Уилл уселся так, чтобы не видеть тело сэра Чарльза, и съел три квадратика постного сахара. После еды он почувствовал необыкновенный прилив сил и бодрости. Потом он еще раз осмотрел алетиометр. Все тридцать шесть картинок на слоновой кости были совершенно четкими. Здесь младенец, здесь кукла, здесь хлеб и так далее. Смысл их был непонятен.

— Как это его Лира понимала? — сказал он Бальтамосу.

— Вполне возможно, что она все выдумывала. Те, кто пользуется этим прибором, учились годы и годы и все равно не понимали бы его без помощи множества справочников.
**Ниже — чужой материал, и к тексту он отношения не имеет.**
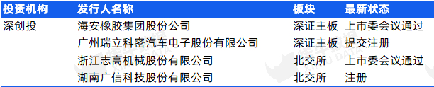 投资机构概览——深创投最为活跃,投资了上市审核流程4家企业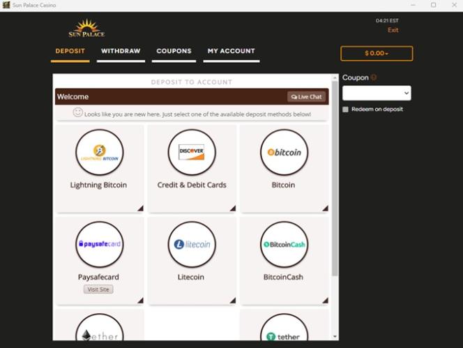 Sun Palace Casino の銀行システムは少々制限はあるものの、まともなものです。ただし、最近支払いの遅延が報告されています。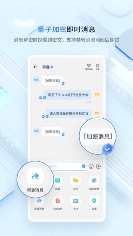 中移量子密讯app官网版是一款功能强大的加密通信交流应用软件,软件会对用户的即时信息在线进行加密,能够一键实现安全的办公,方便用户可以进行加密聊天,随时传输自己的聊天消息,就可以实现多类型的端到端的加密,对用户的信息安全在线进行防护,避免信息外泄。平台还支持用户可以在线进行加密的音视频通话,用户可以随时进行量子加密保护,快速发起自己的安全通话,轻松高效的进行交流。此外,中移量子密讯最需还支持用户可以对企业的组织架构信息进行查看,在线查询企业的通讯录,随时进行沟通,有需要的用户就赶紧来本站下载使用吧!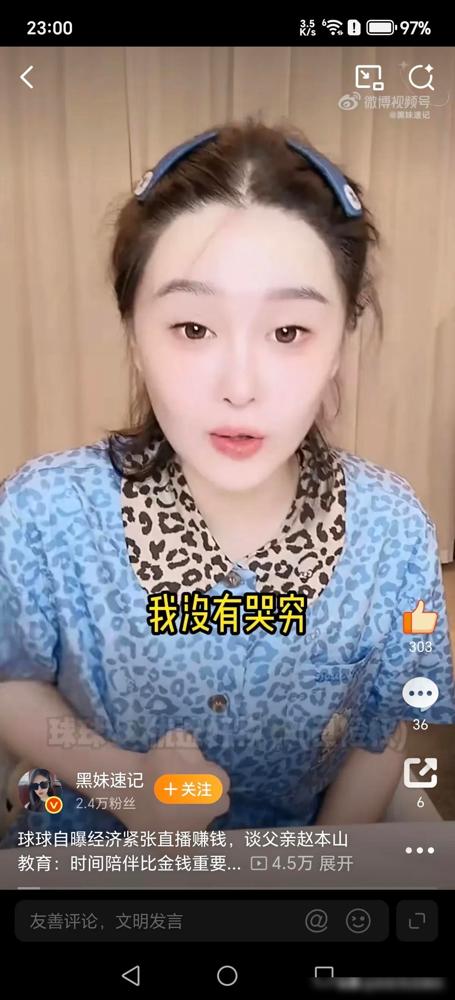赵本山女儿球球求生欲也太强了吧,当她看到闫学晶哭穷被封号,她也很害怕,她说自己没有哭穷,因为她根本没有大家想象得那么有钱。 看着她在直播间里这么极力地撇清,其实能感觉到现在的互联网环境确实变了,艺人们对“言行边界”的敏感度提高了不少。 我觉得球球这种反应反倒挺真实的,这种“害怕”其实是一种难得的清醒,总比那些还没搞清楚规则就乱说话的人强。 说起来她虽然含着金钥匙出生,但家里的规矩是真的大,她自爆小时候想买个LV包,赵本山宁愿陪她在那儿干看一个小时,最后也愣是没给她买。 很多人可能会觉得这太抠门,但我倒觉得这一个小时的“心理博弈”更有深意,赵老师这是在训练孩子对欲望的克制能力。 这种教育方式也就是老一辈常挂在嘴边的“不消耗福报”,所以哪怕现在条件这么好,家里这俩孩子牛牛和球球也都没养成那种挥霍的坏毛病。 我更在意的是他们这种不啃老的态度,其实在星二代这个圈子里,能真正做到自食其力且不被标签带偏,确实挺不容易的。 看样子赵家的三观确实传下来了,这种勤俭节约的底色,可能才是他们家在演艺圈长久立足的真正底气。 归根结底,家风这东西真不是靠嘴说的,全都藏在这些不给买包、不让乱花钱的日常细节里了。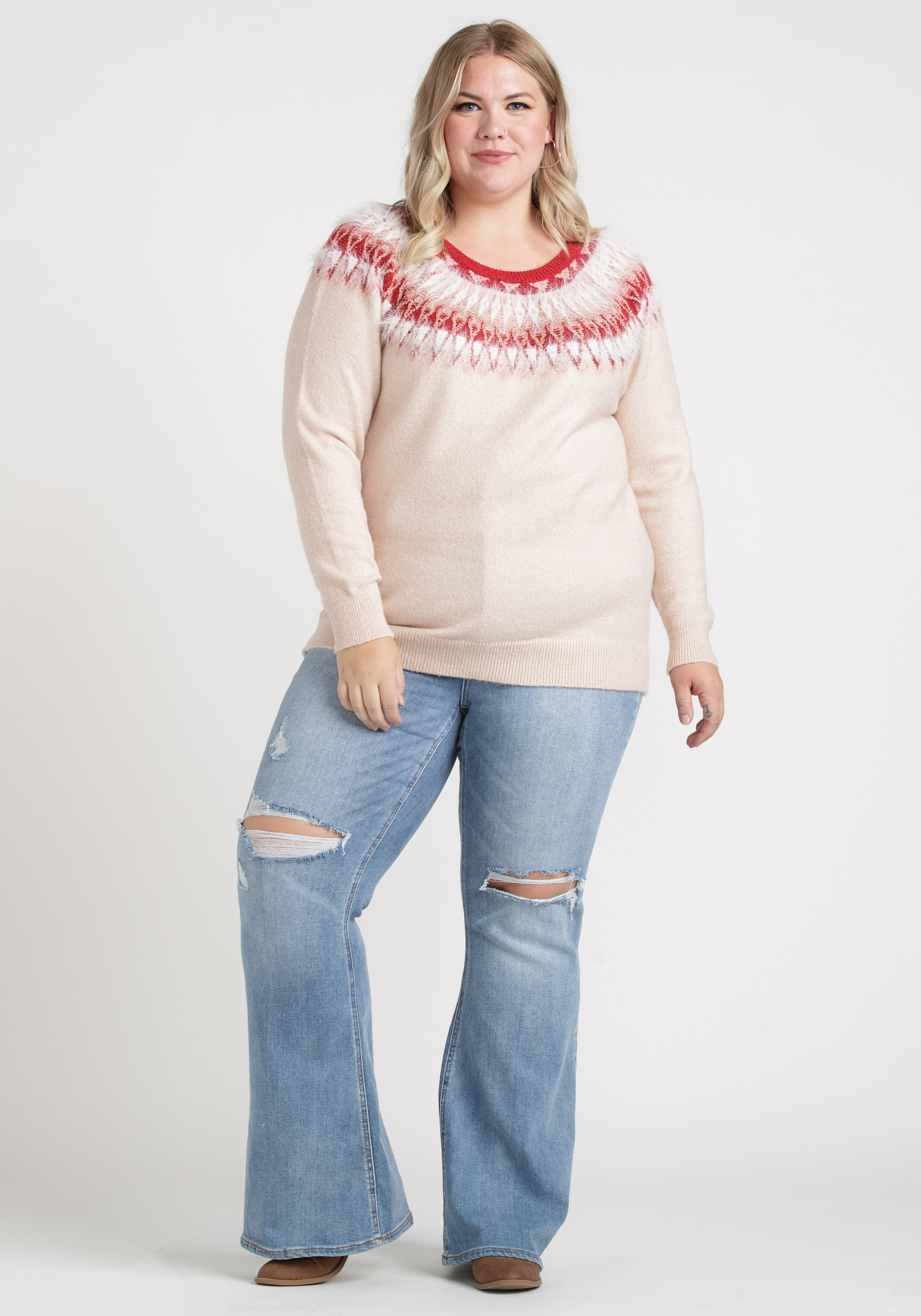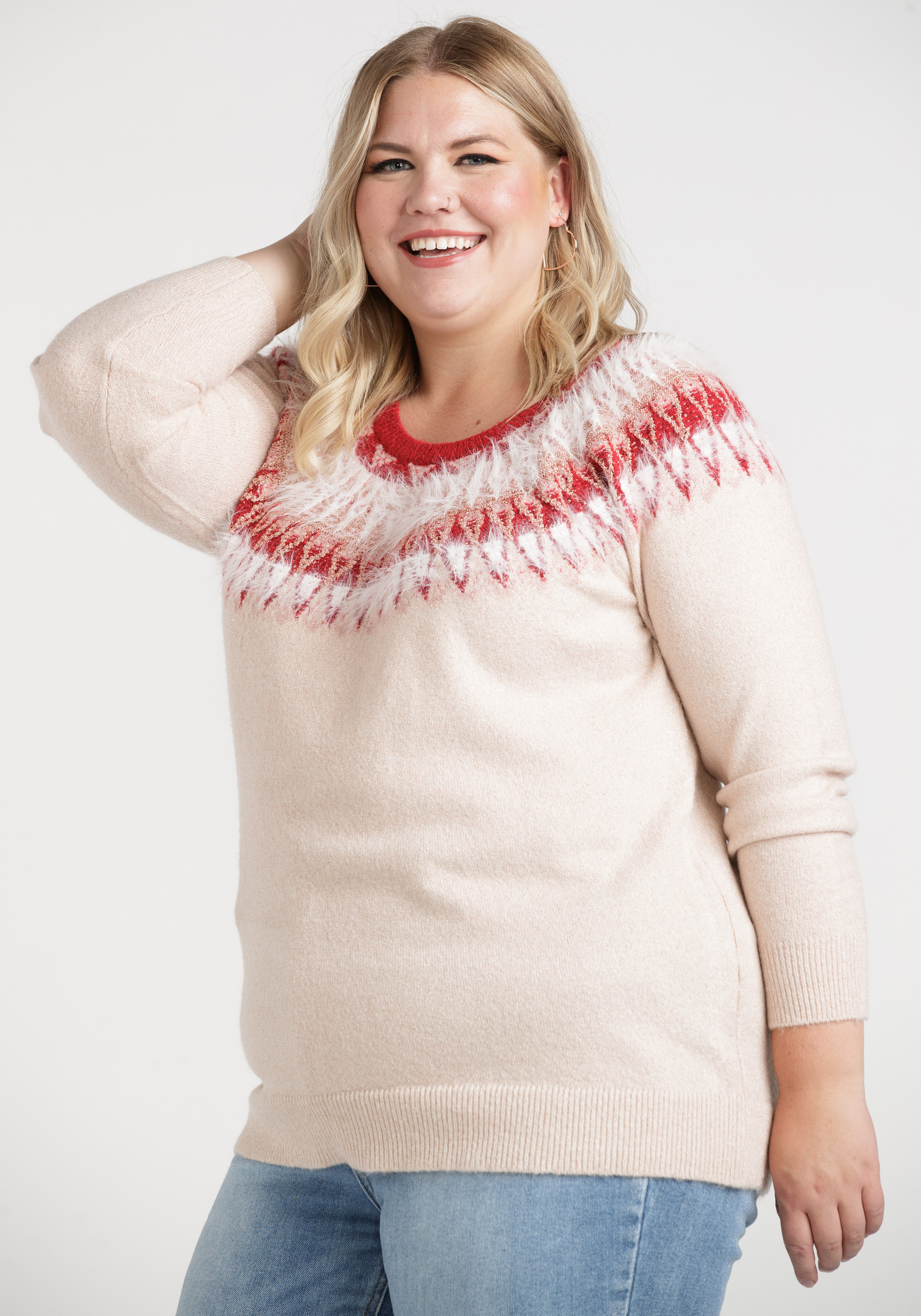 Rated 5 out of 5 by from Soft sweater I bought this sweater in a sale price and I am so happy that I did. It is a very soft and comfy sweater with a pretty design.
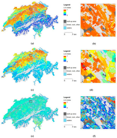 LUI map based only on (a,b) climate, topography, soil, (c,d) economy, and (e,f) remote-sensing data for Switzerland (a,c,e) and the excerpt from zoom level b from Figure 3 (b,d,f).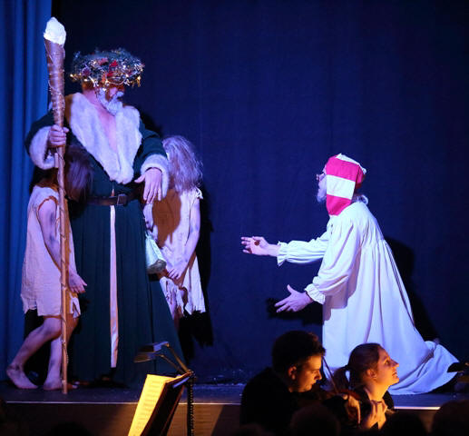 Christmas Present (Mike Beavan) grows tired as the night draws in. Ignorance Nesta Comerford & Want Mari Boundy cling to Christmas Present which frieghtens Scrooge (Tim Driscoll) Scene 15 - Street in London with Old Joe He's Dead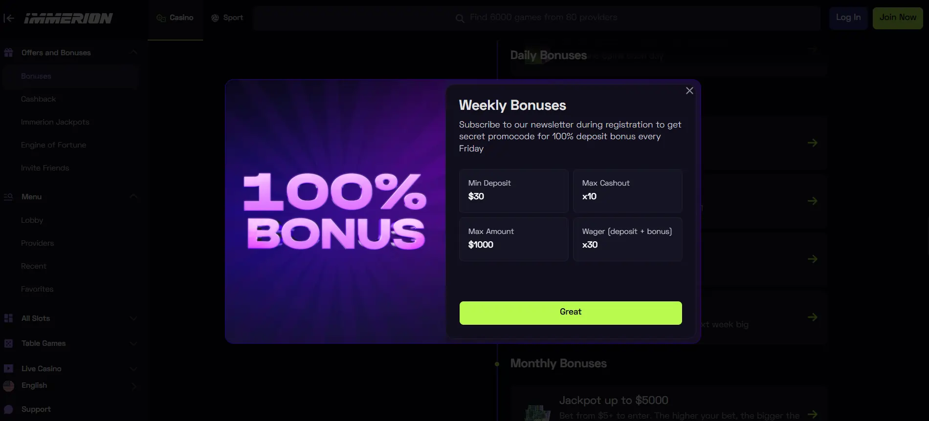 Mūsų komanda pastebėjo ypatingą būdą, kaip savaitgalį „Immerion“ kazino pradėti sėkmingai. Viskas labai paprasta – registruodamiesi prenumeruokite „Immerion“ naujienlaiškį ir kiekvieną penktadienį gaukite slaptą „promo“ kodą 100 % įmokos premijai.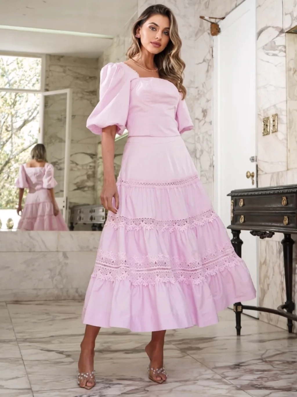A saia apresenta caimento fluido com camadas de babados, criando leveza e movimento a cada passo.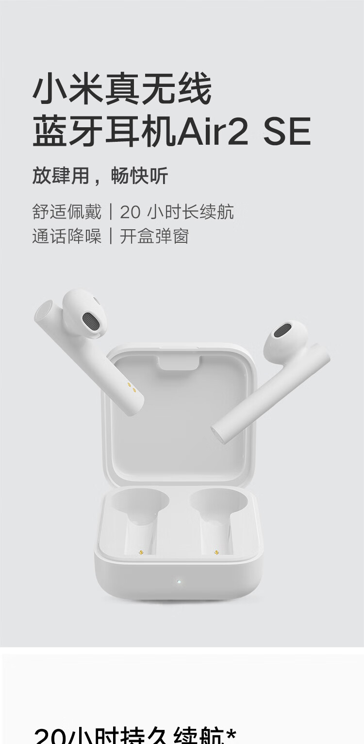 一直想买一款无线蓝牙耳机,苹果的太贵,这次小米新出的AIR2SE价格非常实惠。盒子外观小小的,好似放进口袋里的粉饼盒,女孩子放在包包里也一点都不占地方。方方正正的外形设计,白色素雅,在视觉观感上非常讨喜。背面则是Type-C充电口。打开盒盖,里面是耳机本体,盒盖是磁吸式设计。半入耳式佩戴设计,贴合耳道,非常舒适。耳机上半部分有触摸区域,可实现触控操作。手机在打开蓝牙状态时,拿出耳机可自动连接,非常方便。总而言之,性价比高,还是非常喜欢的。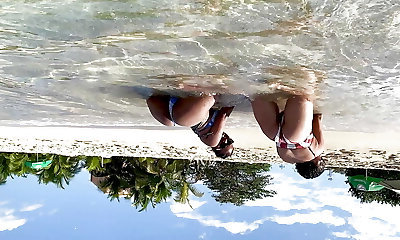 Phat ass ebony and curvaceous Latina munch around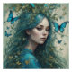 A woman with flowing turquoise hair is surrounded by vibrant blue butterflies, creating an ethereal and dreamlike scene. Her serene expression complements the natural beauty and movement of the leaves interwoven with her hair.
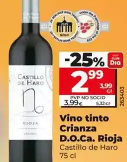 | Vino tinto Crianza Rioja D.O. Ca Castillo de Haro 75 cl | Dia | 3,25 € | 22 septiembre 2021 | 28 septiembre 2021 |

— Она не выдумывала. Она его правильно понимала. Говорила мне такое, чего никак иначе не могла узнать.

— Тогда для меня это такая же загадка, поверь, — сказал ангел.

Глядя на алетиометр, Уилл вспомнил, что говорила Лира о том, как его понимать, в какое состояние надо привести себя, чтобы он работал. Ему это тоже помогало сладить с норовом серебряного лезвия.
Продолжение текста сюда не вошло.